The allowed classes list is comma-separated, for example:
java.lang.String
java.lang.String, java.lang.StringBuilder, java.util.ArrayList
Scripting - Packages allowed in a script
This system property stores a list of allowed Java packages. It is checked at runtime to determine if packages in a script are permitted.
The default list is empty, which means that no packages are permitted until a system administrator has added them to this list.
The allowed classes list is comma-separated, for example:
java.util
java.util, java.util.regex, java.text

Setting scripting timeout

An administration user, that is, a user with View System and Manage System activities, can edit the appropriate system property to define the length of time that scripts within a command set or compliance definition are allowed to run without completing before they are stopped:
Scripting - Maximum script execution time
The default script execution limit is 10 minutes, and a system administrator can set a time limit between one and 120 minutes.
If a script within a command set times out, the UOW is marked 'failed'.

Script samples

The following script determines whether a Cisco router's clock is synchronized with an NTP server.
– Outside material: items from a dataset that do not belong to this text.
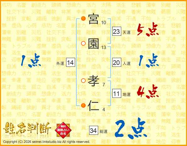 宮(10画)園(13画) 孝(7画)仁(4画)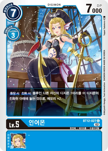 On PlayWhen Digivolving By placing another blue Digimon under this Digimon as its bottom digivolution card, gain 2 memory.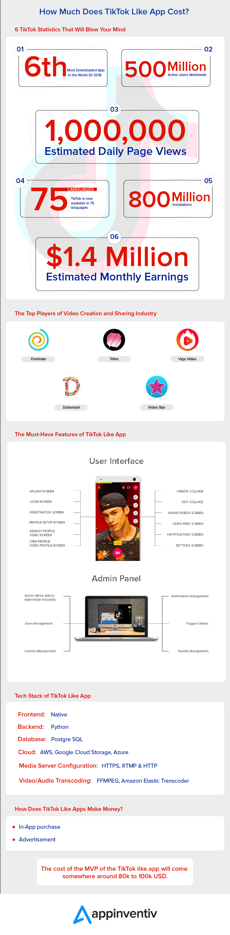 앱 개발과 같은 TikTok의 비용은 얼마입니까?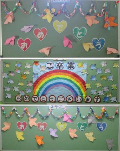 玄関や廊下、階段には、卒業を祝うための掲示物が用意されています。18日の卒業式、例年より縮小した形ですが、全教職員で準備を整え、しっかりと挙行させていただきます。

If it is not synchronized, the IP address of the unsynchronized master is retrieved and a ping command is issued.
//#javascript
function execute(scriptAuditLogger, deviceInterface, systemInterface) {
    var response = deviceInterface.send("show ntp status", "(Clock is unsynchronized)");

    if (response == null) {
        scriptAuditLogger.info("Clock IS synchronized");
        return true;
    } else {
        scriptAuditLogger.info("Clock is NOT synchronized");
        response = deviceInterface.send("show ntp association", "(#\\d{1,3}\\.\\d{1,3}\\.\\d{1,3}\\.\\d{1,3})");
        if (response != null) {
            var ipAddress = response.substring(1);
            scriptAuditLogger.info("IP address of master = " + ipAddress);
            response = deviceInterface.send("ping " + ipAddress);
            scriptAuditLogger.info(response);
        } else {
            scriptAuditLogger.info("NTP master is NOT configured.");
        }
        return false;
    }
}
The following script finds the IP addresses of a Cisco router's interfaces and performs a naming service lookup for each IP address.
//#javascript
importClass(java.util.regex.Pattern);
importClass(java.util.regex.Matcher);

function execute(logger, device, system) {
    var ipAddresses = device.send("show ip int brie | ex (Interface|unassigned|down)");
    logger.info(ipAddresses);

    var regexpression = "((?:(?:25[0-5]|2[0-4][0-9]|1[0-9][0-9]|[1-9]?[0-9])\\.){3}(?:25[0-5]|2[0-4][0-9]|1[0-9][0-9]|[1-9]?[0-9]))";
    var pattern = Pattern.compile(regexpression, Pattern.MULTILINE);
    var matcher = pattern.matcher(ipAddresses);

    while (matcher.find()) {
        var ipAddress = matcher.group();
        logger.info("Found ip address [" + ipAddress + "]. Performing nslookup...");
        var response = system.executeSystemCommand("/bin/sh", "-c", "/home/icosuser/scripts/nslookup.sh " + ipAddress, "57b0b52e4a43da0591f90d4b7da6f6d189b985bbf4ec787a416104910f7610ac");
        logger.info(response);
    }

    return true;
}
Note: The shell script used in this example, nslookup.sh, was written and saved in the /home/icosuser/scripts directory on the Netcool Configuration Manager server. The script consisted of one line:
nslookup $1
Note: The script's checksum was calculated using the icosutil utility.